Greens Candidate Jason Ball Fights Vile Homophobic Abuse With Love

'I will continue to be out, loud and proud about who I am. Because love is love.'

16/06/2016 12:31 PM AEST | Updated 15/07/2016 12:54 PM AEST
Ball was the subject of a vile slur.

Jason Ball, the Greens candidate in the Victorian seat of Higgins, has been targeted in a homophobic graffiti attack -- but has hit back in a pretty inspiring message.

Ball, the first openly gay Aussie Rules footballer, posted this picture and message to his social media channels on Thursday. The word "fag" is scrawled across glass, in front of some of his posters.

Ball is said to have a good chance of seriously challenging sitting Higgins member, assistant treasurer Kelly O'Dwyer. Ball is also running against another gay candidate, Labor's Carl Katter.

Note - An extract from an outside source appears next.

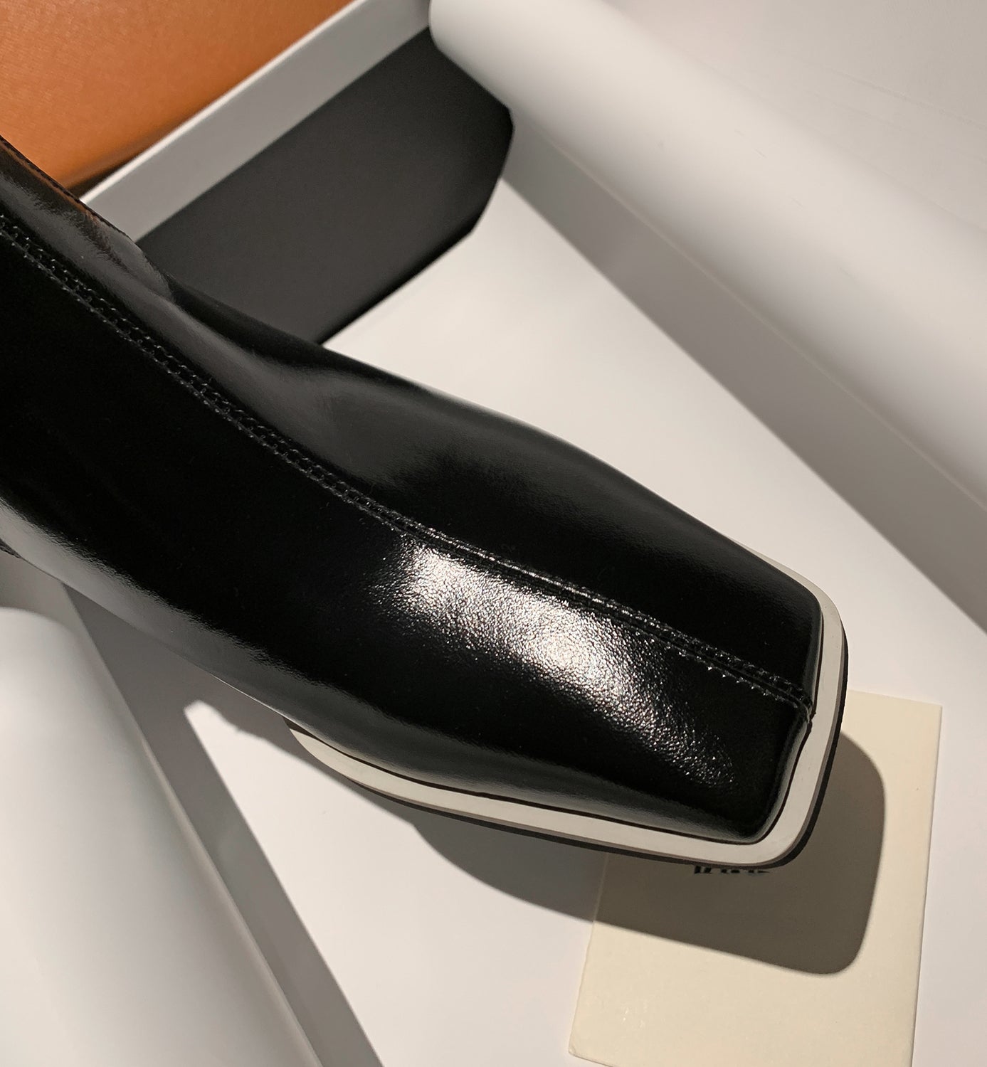 Genuine leather ankle boots designed with square toe, side zipper and stiletto mid heels can go with almost all your outfits.

With two weeks to election day, Ball hit back at the graffiti with a long message on Facebook. We've decided to just reproduce it below, in full, as he's said it better than we ever could:

"I post this picture not to give the haters oxygen but to send a message to young LGBTI people that I have their back. To let them know I won't be passive or silent in the face of bigotry.

The last time I had this word written about me it was scrawled across a school toilet door. I was 15.
Now, in 2016 the homophobes are thankfully in the minority. But acts like this show we have a long way to go. And these acts do not happen in a vacuum.

In recent times our community has faced relentless attacks on our dignity and basic human rights. Politicians have likened us to pedophiles. Religious leaders have compared the fight for equality to the advance of Nazism. This week, media commentators who have previously vilified us, leapt on the unspeakable atrocities in Orlando and used our grief as a battering ram to prosecute their own agenda against another minority.

Then they wring their hands and offer us their "prayers and sympathy" whilst conveniently ignoring the fact that acts of hate and violence are the logical conclusion to a public 'debate' that maintains we are abnormal and not worthy of the same rights and respect as our fellow citizens.

We should not have to fear for our safety just for daring to live our lives openly. We must not be scared to hold our partner's hand as we walk down the street.

And we can't give in to intimidation when we stand up for our values in public life.

So I won't. I will continue to be out, loud and proud about who I am. Because love is love. And ultimately love will win.